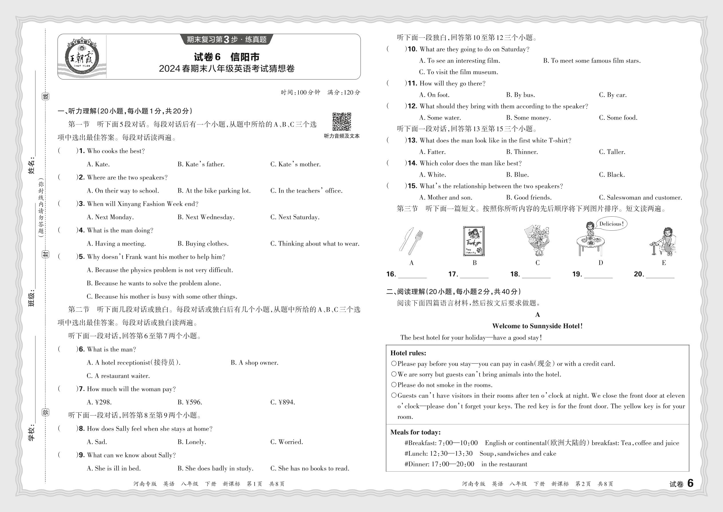 河南省信阳市2024春期末八年级英语考试猜想卷(新课标版)【6】
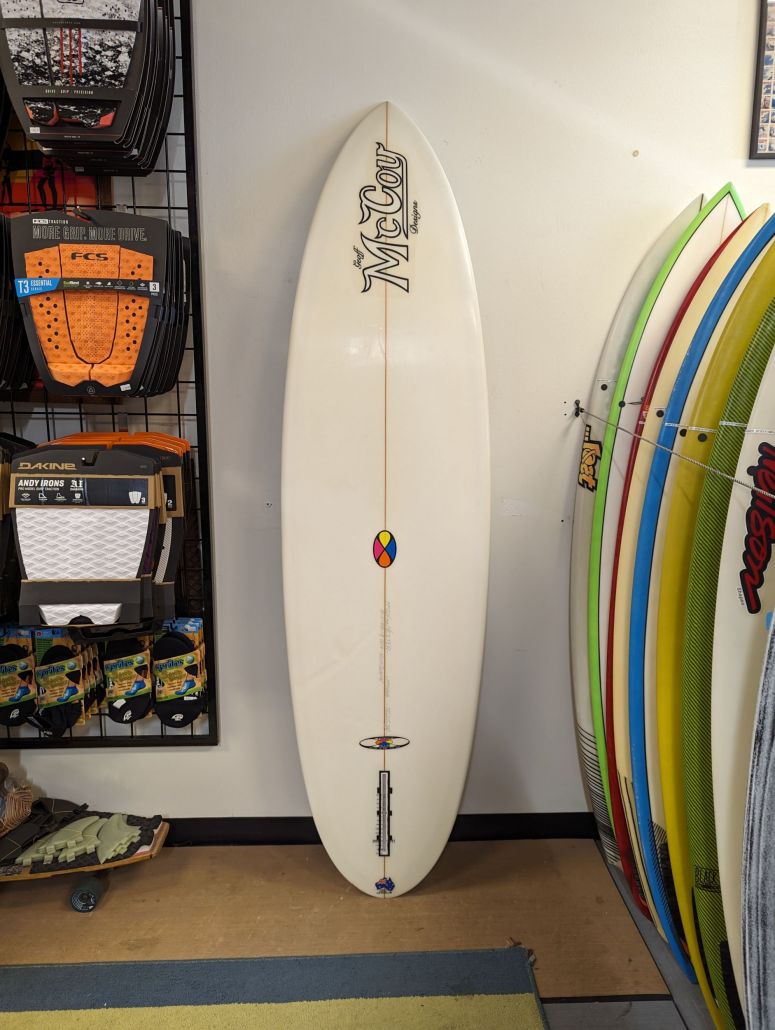 7’2″ McCoy Astron ZOT, beaked nose, rounded pin tail, midlength, single concave, single fin, hybrid, PU, slightly wider outline, Waves 3-5+
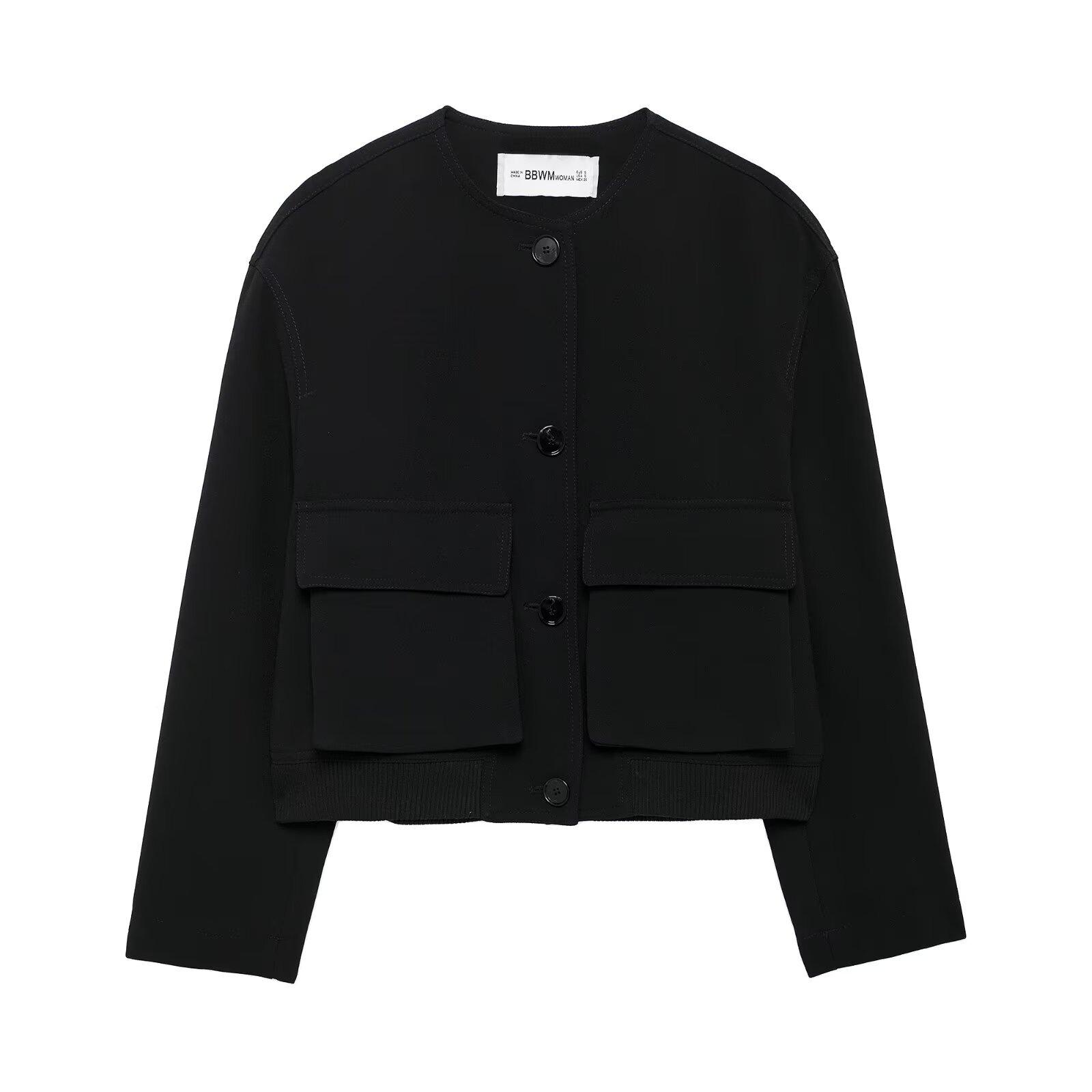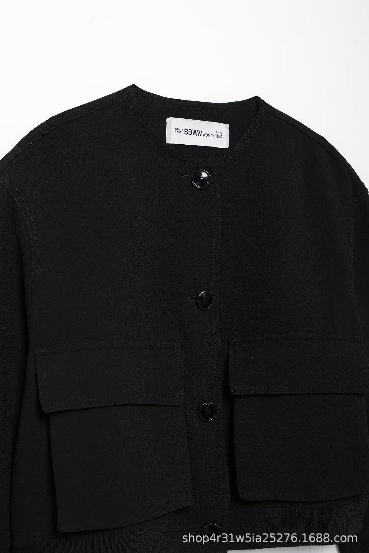 Venta al por mayor transfronteriza europea y americana 2025 Primavera Nueva Chaqueta corta urbana casual de mujer con bolsillo grande
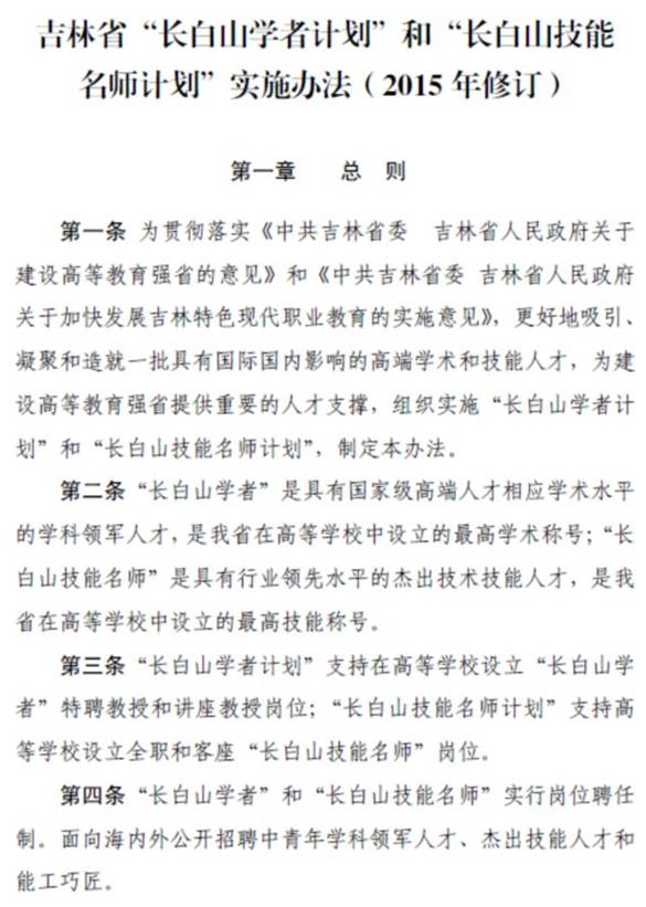 附件:吉林省“长白山学者计划”和“长白山技能名师计划”实施办法(2015年修订)
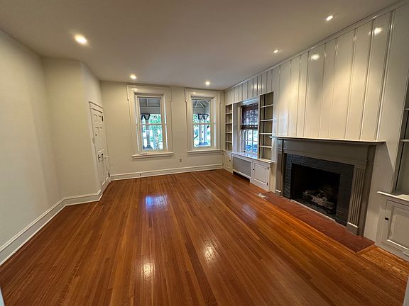 Gorgeous Large renovated First floor Apartment in Historic Lancaster City. 1400 sq ft ..entire first floor of building. LARGE front porch , Two-bedrooms, living room, formal dining room. working gas Fireplace. Sunroom with built in cabinets off master bedroom. Built in cabinetry in living room. Built in cabinetry in dining room. Newly renovated kitchen with Quartz countertops, new cabinetry, garbage disposal. Stainless steel appliances with icemaker. Hardwood floors throughout. Many closets. Central Air. All new windows and exterior doors. LARGE PRIVATE brick patio and common back yard. NOTE. The living room in the picture shows dark walls with pine boards. All of that is being repainted beautiful contemporary colors the week of August 20. Rent includes HEAT, trash, heater maintenance. private parking for one car Apartment has central air and the owner manages service on AC unit. One year lease. Base security deposit is 1.5 months tenant pays for electric, gas for hot water and cooking., Water, cable Additional security deposit required for pets. One pet allowed and must be first approved by property owner.
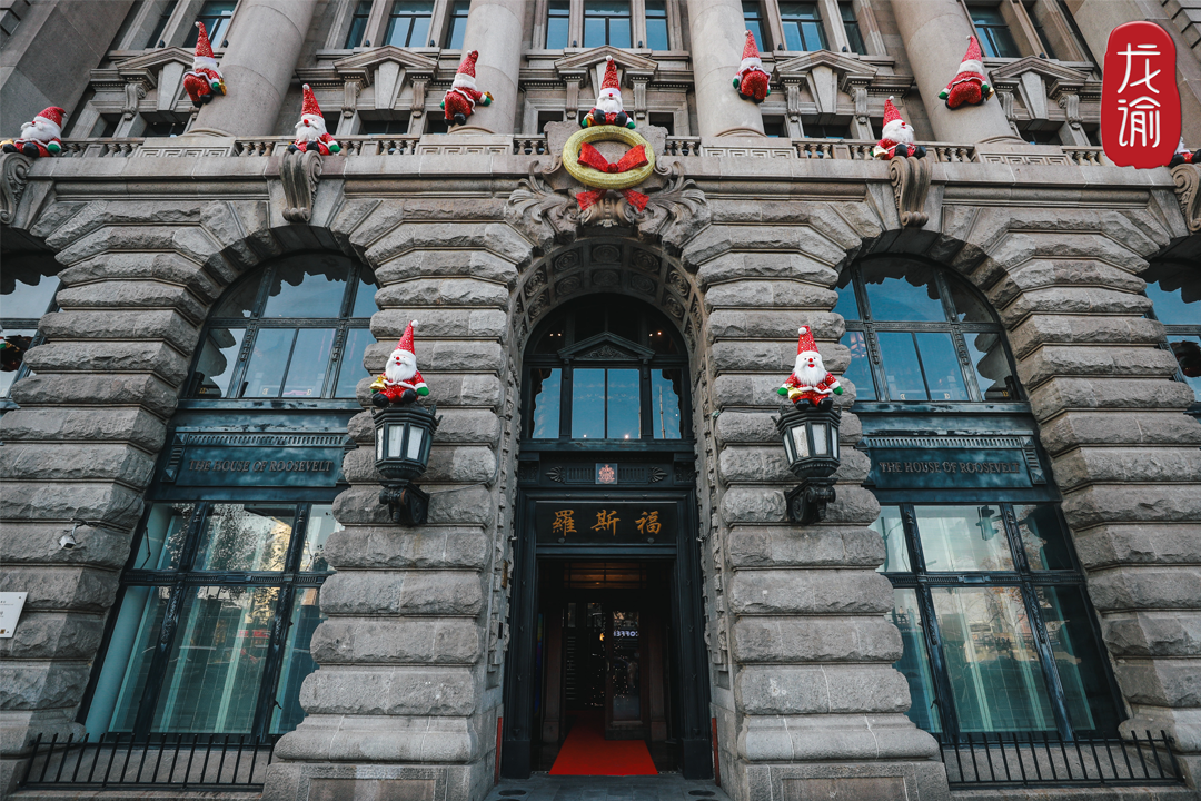 今天的外滩中山东一路27号,有一处略显隐秘的小门,门上黑底牌匾,上书楷体金色繁体字样“罗斯福”,上方正中,是一枚线条复杂的徽章。
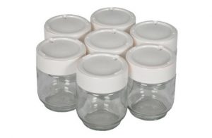 Есть баночки с крышками на которых можно выставить дату изготовления йогурта, хотя как правило, если делается кефирчик деткам, то рекомендуют давать его первые три дня от даты приготовления. Если деток двое то количество банок 7 штук как раз очень удобно и одна банка может использоваться для перезаквашивания.
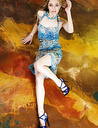 Nude Rebecca G sensually strips in the studio as she bares her tight body.
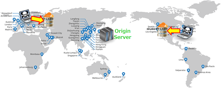 数十~数百Gbpsの攻撃も珍しくないため、オンプレミスのDDoS対策製品の場合は契約回線が攻撃パケットで埋め尽くされる問題に対して無力ですが、上記の対策なら安心です。ミサイル防衛と同じで、攻撃はできるだけ早く打ち落としたいですよね。ミサイル防衛の世界ではTHAADミサイルやSM-3といった迎撃ミサイルで守る訳ですが、Cloudflareの場合はIP Anycastというテクノロジーを採用することで、送信元の近くのエッジサーバへトラフィックを誘導し、オリジンサーバやその接続回線を完全に保護します。
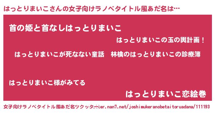 はっとりまいこさんの女子向けラノベタイトル風あだ名は… 『はっとりまいこが死なない童話 林檎のはっとりまいこの診療簿』『首の姫と首なしはっとりまいこ』『はっとりまいこ恋絵巻』 ツクッター #女子向けラノベタイトル風あだ名ツクッター http://tkutter.nan7.net/joshimukeranobetaitoruadana/111193/
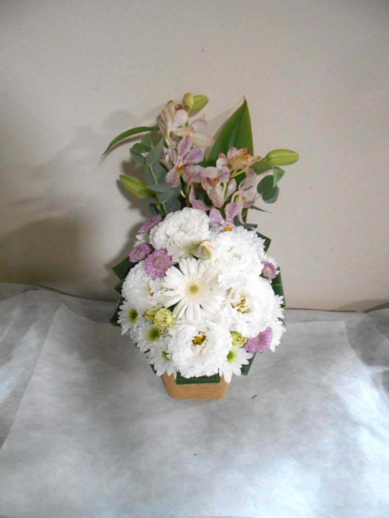 お悔やみ お供えの花 供花 (白ユリをメインにホワイト&ピンクでまとめたバスケットアレンジ)
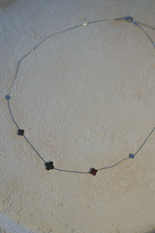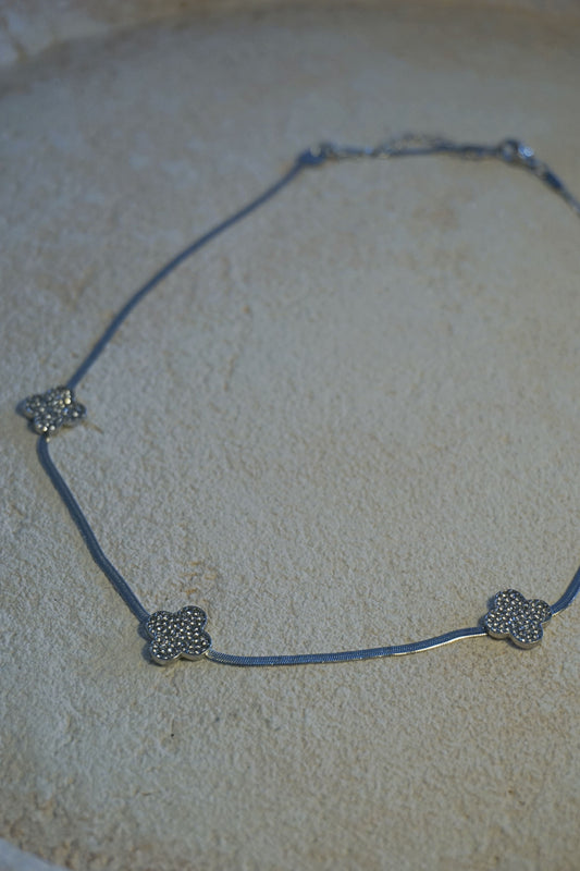 Collier argenté maille trèfle

### What you need to do
Retype the data above exactly. Leave the pictures out.

### Answer space
 河南省信阳市2024春期末八年级英语考试猜想卷(新课标版)【6】
 7’2″ McCoy Astron ZOT, beaked nose, rounded pin tail, midlength, single concave, single fin, hybrid, PU, slightly wider outline, Waves 3-5+
 Venta al por mayor transfronteriza europea y americana 2025 Primavera Nueva Chaqueta corta urbana casual de mujer con bolsillo grande
 附件:吉林省“长白山学者计划”和“长白山技能名师计划”实施办法(2015年修订)
 Gorgeous Large renovated First floor Apartment in Historic Lancaster City. 1400 sq ft ..entire first floor of building. LARGE front porch , Two-bedrooms, living room, formal dining room. working gas Fireplace. Sunroom with built in cabinets off master bedroom. Built in cabinetry in living room. Built in cabinetry in dining room. Newly renovated kitchen with Quartz countertops, new cabinetry, garbage disposal. Stainless steel appliances with icemaker. Hardwood floors throughout. Many closets. Central Air. All new windows and exterior doors. LARGE PRIVATE brick patio and common back yard. NOTE. The living room in the picture shows dark walls with pine boards. All of that is being repainted beautiful contemporary colors the week of August 20. Rent includes HEAT, trash, heater maintenance. private parking for one car Apartment has central air and the owner manages service on AC unit. One year lease. Base security deposit is 1.5 months tenant pays for electric, gas for hot water and cooking., Water, cable Additional security deposit required for pets. One pet allowed and must be first approved by property owner.
 今天的外滩中山东一路27号,有一处略显隐秘的小门,门上黑底牌匾,上书楷体金色繁体字样“罗斯福”,上方正中,是一枚线条复杂的徽章。
 Есть баночки с крышками на которых можно выставить дату изготовления йогурта, хотя как правило, если делается кефирчик деткам, то рекомендуют давать его первые три дня от даты приготовления. Если деток двое то количество банок 7 штук как раз очень удобно и одна банка может использоваться для перезаквашивания.
 Nude Rebecca G sensually strips in the studio as she bares her tight body.
 数十~数百Gbpsの攻撃も珍しくないため、オンプレミスのDDoS対策製品の場合は契約回線が攻撃パケットで埋め尽くされる問題に対して無力ですが、上記の対策なら安心です。ミサイル防衛と同じで、攻撃はできるだけ早く打ち落としたいですよね。ミサイル防衛の世界ではTHAADミサイルやSM-3といった迎撃ミサイルで守る訳ですが、Cloudflareの場合はIP Anycastというテクノロジーを採用することで、送信元の近くのエッジサーバへトラフィックを誘導し、オリジンサーバやその接続回線を完全に保護します。
 はっとりまいこさんの女子向けラノベタイトル風あだ名は… 『はっとりまいこが死なない童話 林檎のはっとりまいこの診療簿』『首の姫と首なしはっとりまいこ』『はっとりまいこ恋絵巻』 ツクッター #女子向けラノベタイトル風あだ名ツクッター http://tkutter.nan7.net/joshimukeranobetaitoruadana/111193/
 お悔やみ お供えの花 供花 (白ユリをメインにホワイト&ピンクでまとめたバスケットアレンジ)
 Collier argenté maille trèfle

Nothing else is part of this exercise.